INSTRUCTIONS TO FOLLOW — Write out nothing but the lines from the one containing "MSCIEN 電源タップ コンセント" through the last line below, both included, and without the pictures.

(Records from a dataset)
· · · · ·

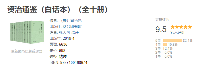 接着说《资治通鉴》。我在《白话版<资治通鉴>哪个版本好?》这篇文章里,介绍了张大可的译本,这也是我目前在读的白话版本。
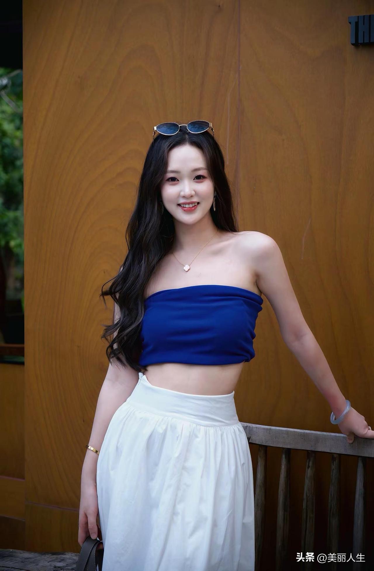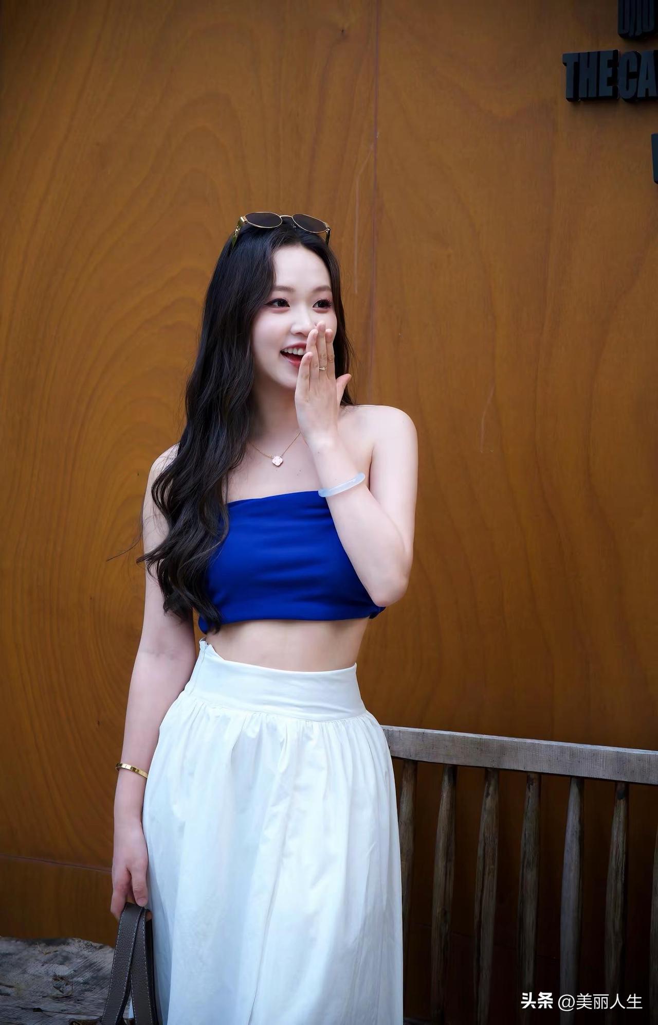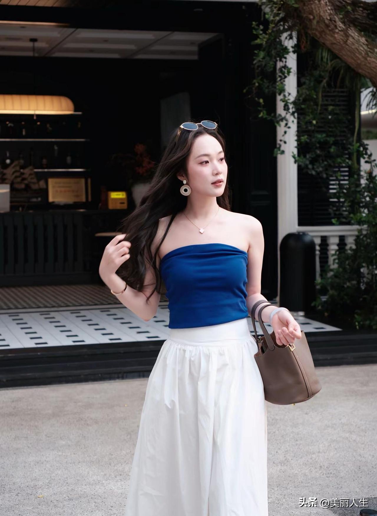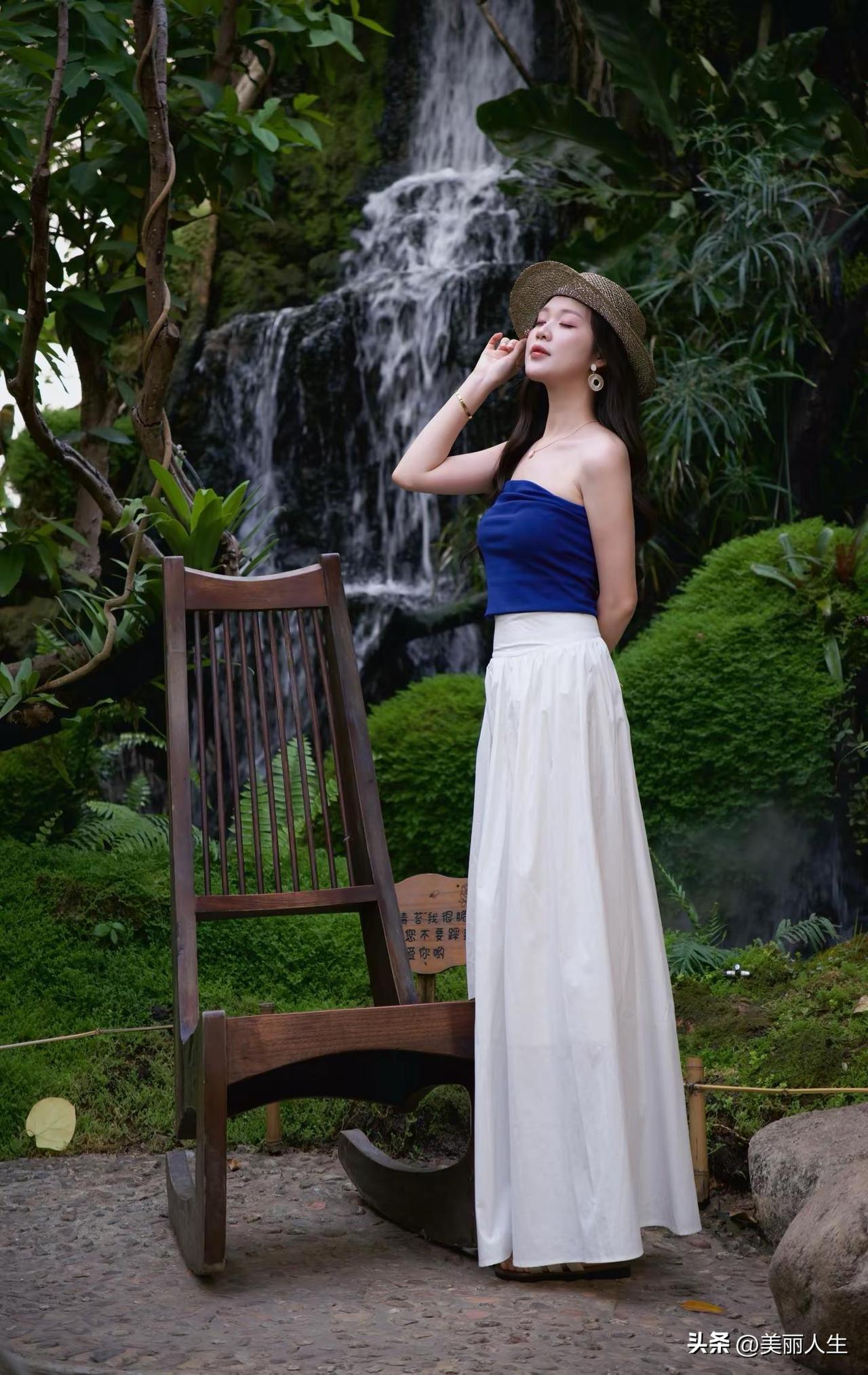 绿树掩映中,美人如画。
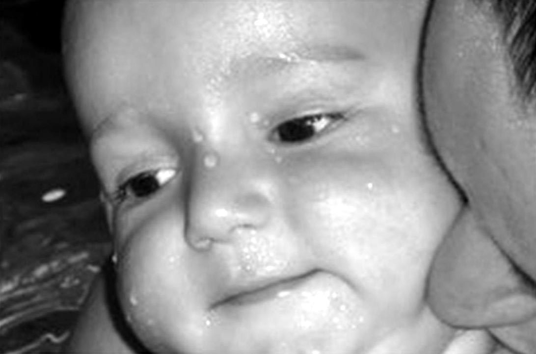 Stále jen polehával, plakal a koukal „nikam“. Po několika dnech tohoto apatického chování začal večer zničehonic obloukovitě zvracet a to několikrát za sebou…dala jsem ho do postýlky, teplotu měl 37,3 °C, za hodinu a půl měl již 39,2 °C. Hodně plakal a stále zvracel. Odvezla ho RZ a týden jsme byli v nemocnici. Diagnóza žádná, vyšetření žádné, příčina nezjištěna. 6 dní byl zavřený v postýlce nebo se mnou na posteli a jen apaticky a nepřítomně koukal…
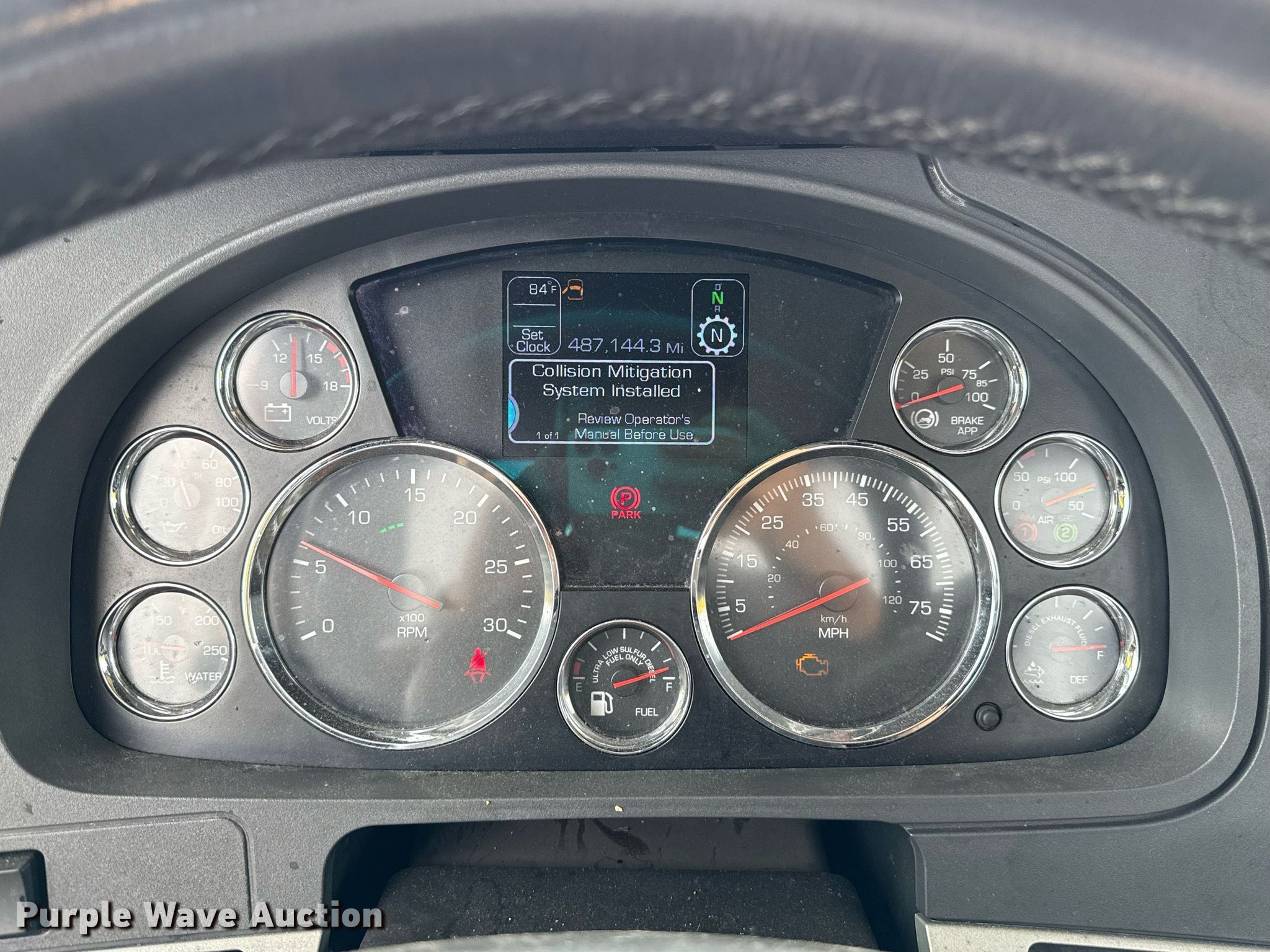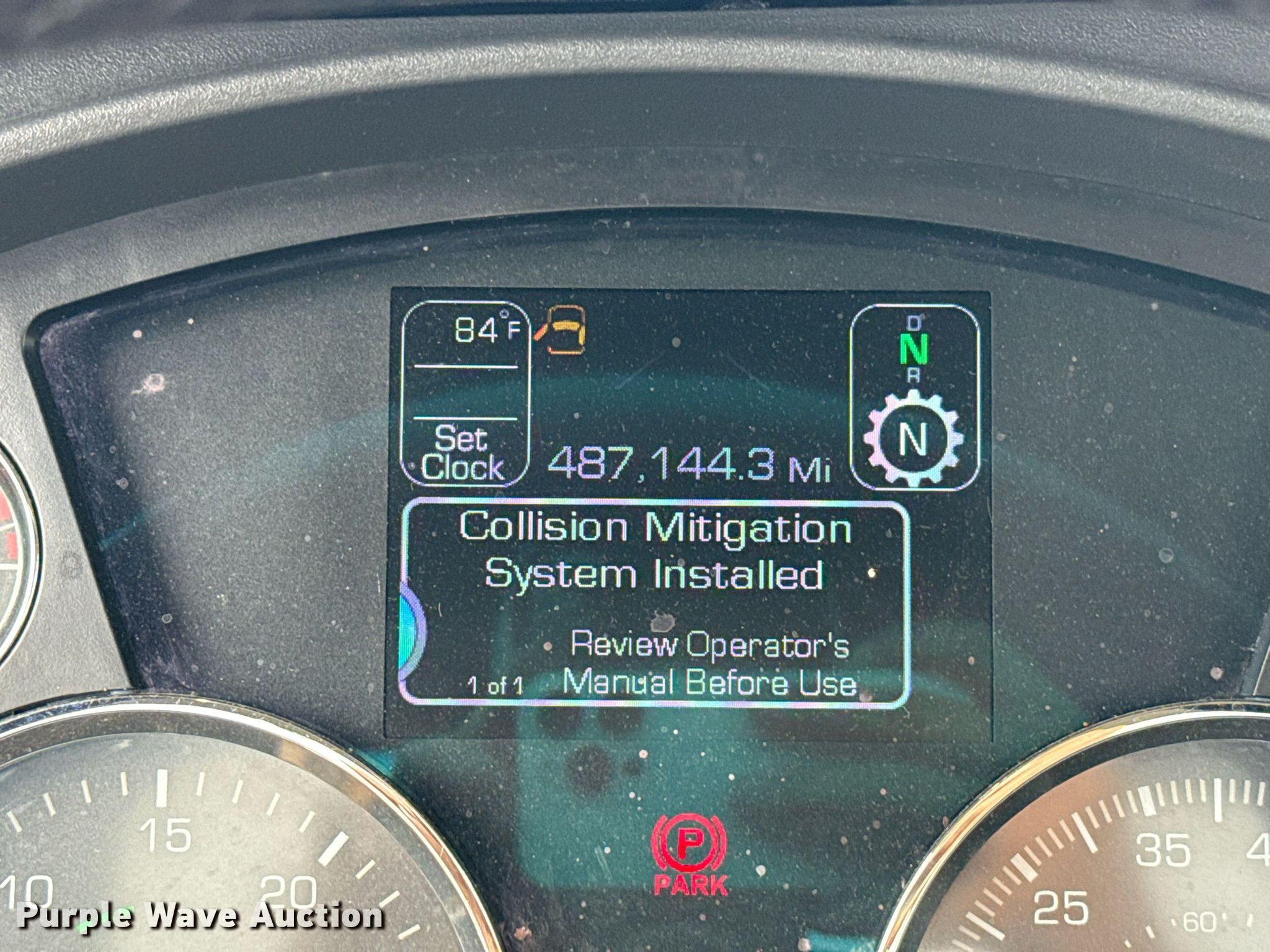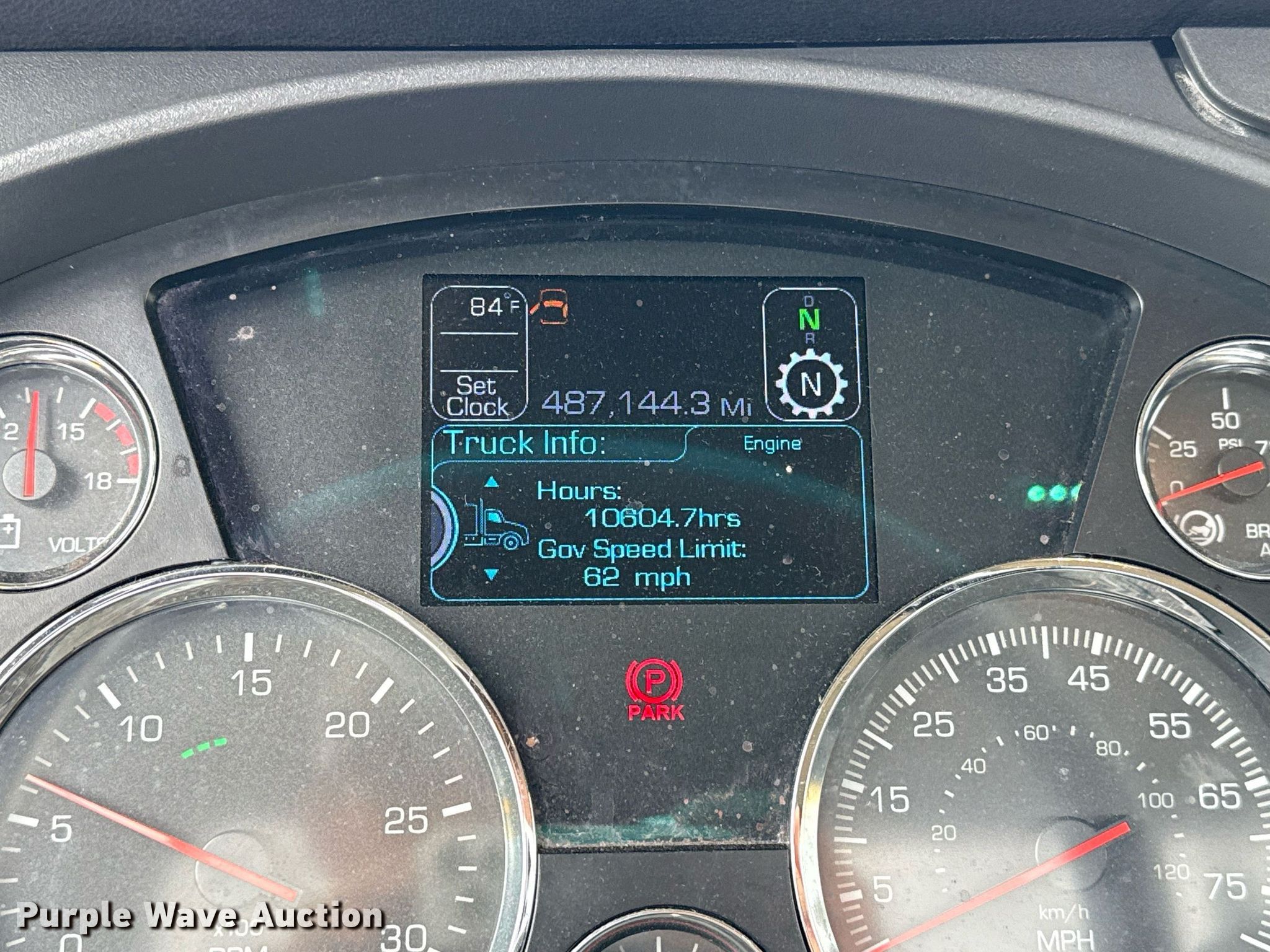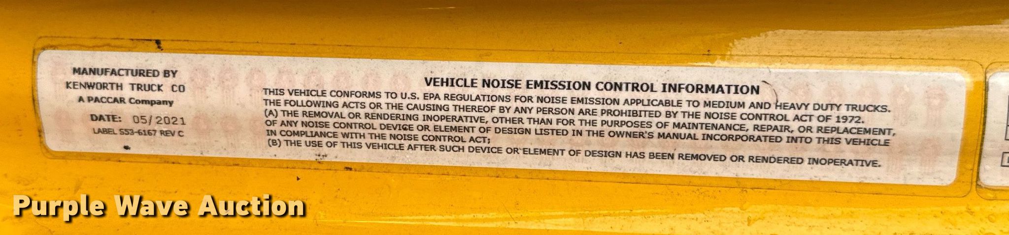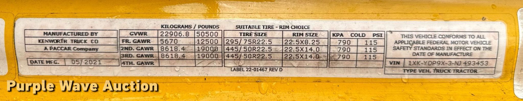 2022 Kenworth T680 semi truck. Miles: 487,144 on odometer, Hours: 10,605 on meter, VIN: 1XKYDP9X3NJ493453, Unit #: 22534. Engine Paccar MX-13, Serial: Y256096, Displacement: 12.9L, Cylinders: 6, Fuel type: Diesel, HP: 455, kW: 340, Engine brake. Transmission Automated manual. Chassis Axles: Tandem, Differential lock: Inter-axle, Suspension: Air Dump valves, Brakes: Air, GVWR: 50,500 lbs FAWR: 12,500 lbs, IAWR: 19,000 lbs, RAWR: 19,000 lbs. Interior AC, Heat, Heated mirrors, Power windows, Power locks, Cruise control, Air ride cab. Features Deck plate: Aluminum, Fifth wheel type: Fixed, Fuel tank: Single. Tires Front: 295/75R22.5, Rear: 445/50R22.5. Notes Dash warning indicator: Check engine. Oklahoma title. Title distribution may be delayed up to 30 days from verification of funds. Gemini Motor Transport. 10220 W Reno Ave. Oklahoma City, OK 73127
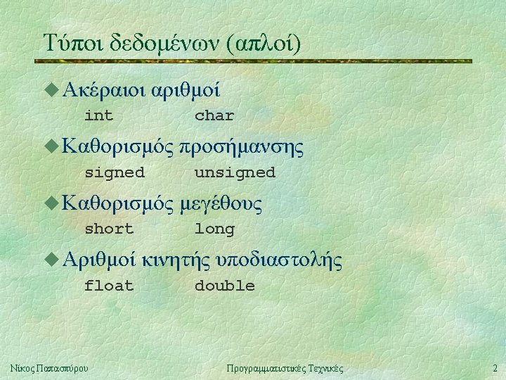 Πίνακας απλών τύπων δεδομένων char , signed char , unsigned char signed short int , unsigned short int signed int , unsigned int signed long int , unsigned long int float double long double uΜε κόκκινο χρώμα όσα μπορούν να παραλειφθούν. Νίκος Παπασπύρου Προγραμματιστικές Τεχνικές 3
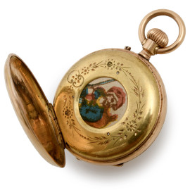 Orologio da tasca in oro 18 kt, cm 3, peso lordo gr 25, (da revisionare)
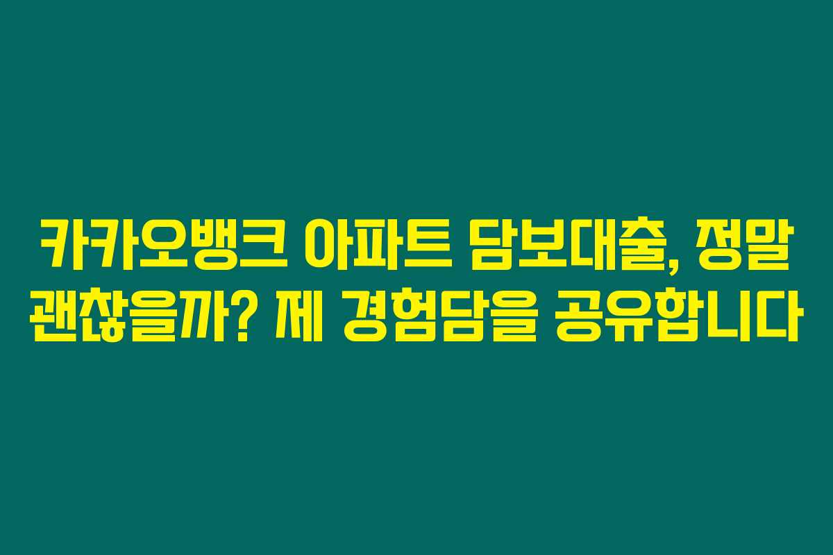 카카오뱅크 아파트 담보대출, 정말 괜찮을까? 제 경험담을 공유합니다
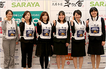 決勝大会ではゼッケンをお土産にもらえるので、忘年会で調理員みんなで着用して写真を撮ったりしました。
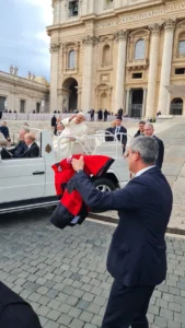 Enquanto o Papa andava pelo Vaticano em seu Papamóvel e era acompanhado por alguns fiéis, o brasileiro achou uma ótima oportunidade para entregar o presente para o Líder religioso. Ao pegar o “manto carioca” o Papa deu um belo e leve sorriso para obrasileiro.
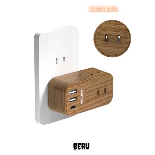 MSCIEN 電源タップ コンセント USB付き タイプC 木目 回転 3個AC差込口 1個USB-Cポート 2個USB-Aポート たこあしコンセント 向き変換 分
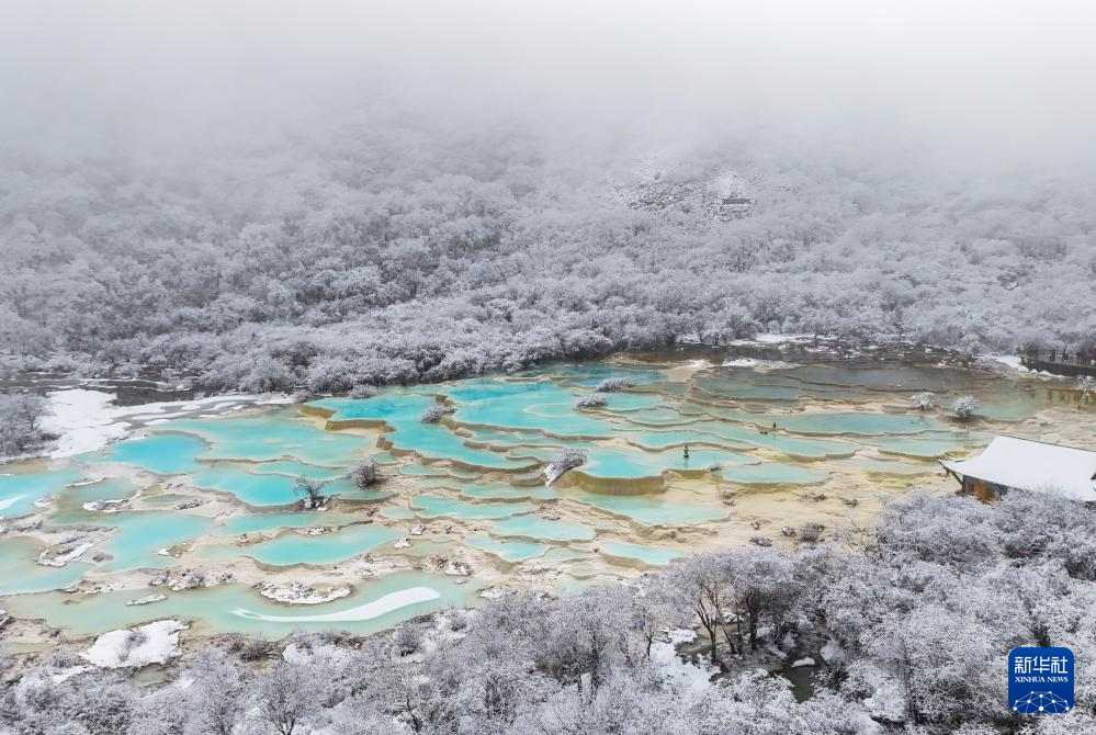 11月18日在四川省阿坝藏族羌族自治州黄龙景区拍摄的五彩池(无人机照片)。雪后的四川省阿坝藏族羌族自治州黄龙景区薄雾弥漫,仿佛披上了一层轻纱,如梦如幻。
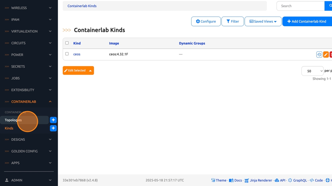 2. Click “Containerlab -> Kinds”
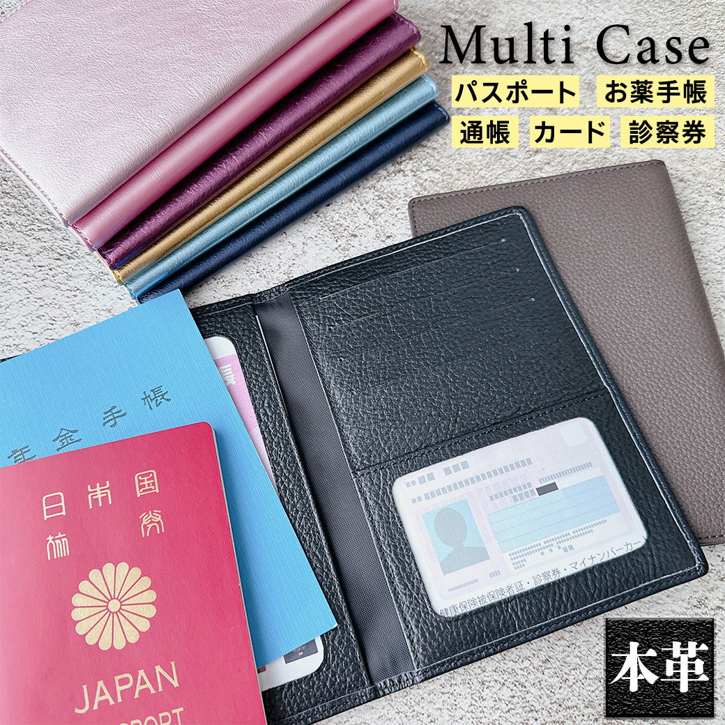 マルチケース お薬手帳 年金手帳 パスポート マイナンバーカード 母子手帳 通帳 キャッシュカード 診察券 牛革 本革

· · · · ·

RESULT FOR THIS EXERCISE —
 MSCIEN 電源タップ コンセント USB付き タイプC 木目 回転 3個AC差込口 1個USB-Cポート 2個USB-Aポート たこあしコンセント 向き変換 分
 11月18日在四川省阿坝藏族羌族自治州黄龙景区拍摄的五彩池(无人机照片)。雪后的四川省阿坝藏族羌族自治州黄龙景区薄雾弥漫,仿佛披上了一层轻纱,如梦如幻。
 2. Click “Containerlab -> Kinds”
 マルチケース お薬手帳 年金手帳 パスポート マイナンバーカード 母子手帳 通帳 キャッシュカード 診察券 牛革 本革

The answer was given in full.